The three battery system came about because of the noise crossover between film camera motors into the video signal back in the day. The PRO solved this by isolating the video signal from camera through the wiring harness and down to a dedicated battery, so you would power the tap, monitor, transmitter and onboard recorder off one battery while the other two fed 12 or 24v as required to the camera.

Nowadays, modern film cameras have solved the noise issue and nearly all taps are powered internally from the camera body so this reasoning is less relevant. However in the HD world, large sensor cameras are pulling loads that we rarely saw with film cameras (high speed or wide-gauge systems being the exception), so now it's all about amperage. Powercubes and Dionic HC's are working well to combat the power draw issue, but you still need two of them to make 24v (except on the Ultimate 1), and the green screens have a decent draw themselves.
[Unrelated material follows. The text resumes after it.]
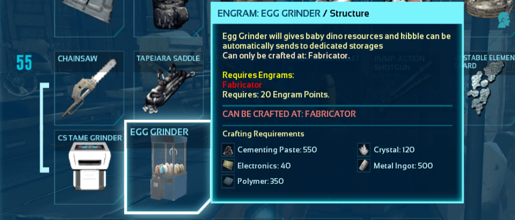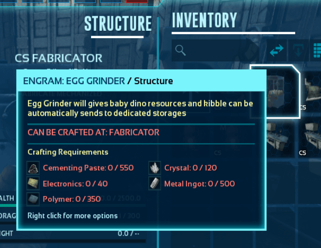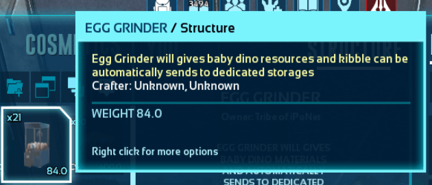 Author: iPoNet Downloads: 8,200 File Size: 6.1 MB Created: 2025-09-15 Updated: 2025-09-15 Mod ID: 1345441 Copied to clipboard Categories: General Structures Egg Grinder [Open Source] Turns your fertilzed egg to kibble and resources then send to dedicated storages Description Images Engrams Items Egg Grinder [Open Source] Images Screenshot 2025-09-13 020805.png Screenshot 2025-09-13 020805.png Screenshot 2025-09-13 021528.png Screenshot 2025-09-13 021528.png Screenshot 2025-09-13 021632.png Screenshot 2025-09-13 021632.png Screenshot 2025-09-13 020957.png Screenshot 2025-09-13 020957.png Screenshot 2025-09-13 021158.png Screenshot 2025-09-13 021158.png Screenshot 2025-09-13 021220.png Screenshot 2025-09-13 021220.png Screenshot 2025-09-13 021307.png Screenshot 2025-09-13 021307.png Screenshot 2025-09-13 021324.png Screenshot 2025-09-13 021324.png Screenshot 2025-09-13 021340.png Screenshot 2025-09-13 021340.png Screenshot 2025-09-13 021616.png Screenshot 2025-09-13 021616.png Screenshot 2025-09-13 021616.png Screenshot 2025-09-13 021616.png Screenshot 2025-09-13 021220.png Screenshot 2025-09-13 021220.png Screenshot 2025-09-13 022907.png Screenshot 2025-09-13 022907.png Screenshot 2025-09-13 022907.png Screenshot 2025-09-13 022907.png

Most HD cameras are 12v however, so there is an argument to be made about replacing the two smaller celled batteries with one larger one, for similar weight and possibly increased run time. But then it does come down to how many different battery types one is willing to own and keep alive, as we know that Li-on batteries are not as durable as previous chemistries.

For me the ultimate solution has been and will continue to be a rig that is flexible enough to be equally useable with two or three batteries as required for a given camera and situation (in theory, even one battery should be possible for a lightweight 12v configuration). Some rigs make it difficult to remove a battery and still achieve proper dynamic balance without compromise.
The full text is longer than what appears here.